Nous entamons ce nouveau tour avec La Marmite du Cap, situé à quelques dizaines de mètres en amont de l’hôtel Tsilaosa et du restaurant « Chez Noé », qui recevra aussi une visite d’ici août. La baie vitrée est en partie masquée par un adhésif qui expose la carte aux visiteurs. Le chevalet posé sur le trottoir, affiche pour sa part les plats du jour : boucané ti jacque, rôti de porc pomme de terre, cari canard, sanglier petit pois, civet de pigeon au vin de Cilaos, cari camaron, coquelet entier et cari d’espadon. La salle d’une quarantaine de couverts est encore vide. Bois verni et murs bleus composent la décoration. Tous les goûts sont dans la nature. Nous prenons place. L’accueil est poli et le sourire est composé. Nous prenons place, et examinons la carte, version réduite de celle de la vitrine. Un gratin « du jour » et un civet cabri, un de nos « plats test » préférés, feront l’affaire, sous le mode de la formule entrée plat et dessert à 26 euros. Ce qui paraît raisonnable.

Le gratin de citrouille est servi rapidement. Visuellement, le fromage est plus fondu que gratiné d’ailleurs, avec des reflets huileux, et quand nous en faisons la remarque à la serveuse, sa réponse, elle, est gratinée, avec une pointe d’ironie : « monsieur est cuisinier » ? Non, mais c’est pas notre premier gratin ! Pourquoi ? En dessous du fromage, de la citrouille très polie, accompagnée de morceaux de patate dirait-on. La dose de sel qui vient équilibrer avec justesse les atours doux de la cucurbitacée tout en relevant son goût. C’est très bon. Le gratin pas gratiné est quand même apprécié en dépit de l’absence de pain frais pour l’accompagner, et nettoyer le ramequin. Nous l’avons attendu un temps certain avant de nous résoudre à le réclamer. Quelle ne fut pas notre surprise de voir arriver des tartines passées au four, toute dures. Fait exprès, ou plutôt oubli d’achat du pain ce jour-là ? Il existe pourtant une boulangerie pas loin.
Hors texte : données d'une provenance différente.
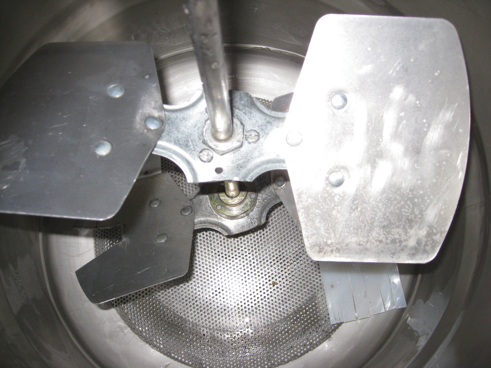 The second and third key features of the modern mash mixer are tied at the hip, so I will discuss them together; these features are the mixer and the heating jacket. The primary purpose of the mixer is to move the mash around in order to provide uniform heat transfer from the steam jacket to the mash. If the mixer is run too slowly, or simply turned off for experimental purposes, the mash touching the steam jackets will become very hot and begin to boil, but the mash a few inches into the center is slow to react to the heat because mash is thick and does not develop convection currents like pots of liquids that do not contain solids. The home cook knows to gently stir a pot of chili when placed on high heat to avoid scorching the bottom of the pan and the food adjacent to the heat source, and this is really how the mixer is used in a mash mixer.
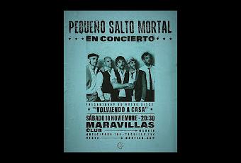 Pequeño Salto Mortal anuncian una gran fecha en Madrid, una fecha con sabor a presentación de disco, una fecha en la Maravillas Club. Pequeño Salto Mortal nos presenta un disco llamado Volviendo a casa, este trabajo se presentará en la Sala Maravillas Club.Tras el verano podremos ver a Pequeño salto mortal desde el escenario de la Maravillas Club, un show en la capital donde presentarán su nuevo disco. Un trabajo lleno de detalles, de matices y de apuestas sonoras. Volviendo a casa es el nombre de este nuevo trabajo que el 18/11 será presentado en Madrid como se merece.

Voici le cabri, en présentation petite marmite, c’est vintage, vu et revu, mais ça reste apprécié. Belle couleur, texture très moelleuse, odeur un peu en retrait, qui manque de fragrance, mais saveur fidèle au poste, ce cabri se situe au-dessus de la moyenne. La viande archi-cuite (probablement réchauffée) s’arrange bien des feuilles de caloupilé et d’une légère acidité en fond de bouche, accentuée avec éclat par un rougail zévis goûteux. Zévis, zé tout fini. Belle idée de marier le massalé et la prune de Cythère, pour voir si le silon s’y terre. Les os sont nombreux mais ils contribuent au goût et au suçage, tout enrobés qu’ils sont dans la sauce épaisse. Prétexte pour attaquer l’affaire à la main, à la traditionnelle.` Les haricots ont bon thym, et bon roussi. Le riz est sans défaut, épais et moelleux sans être collant, il donne avec le massalé de belles bouchées jouissives.

En dessert nous demandons une tarte tatin, non faite maison mais tant pis. Elle est servie chaude et la chantilly coule dessus. Joli point final au repas. Nous repartons en réglant une note de 29€ pour une boisson et une formule. Le rapport qualité-prix est bon.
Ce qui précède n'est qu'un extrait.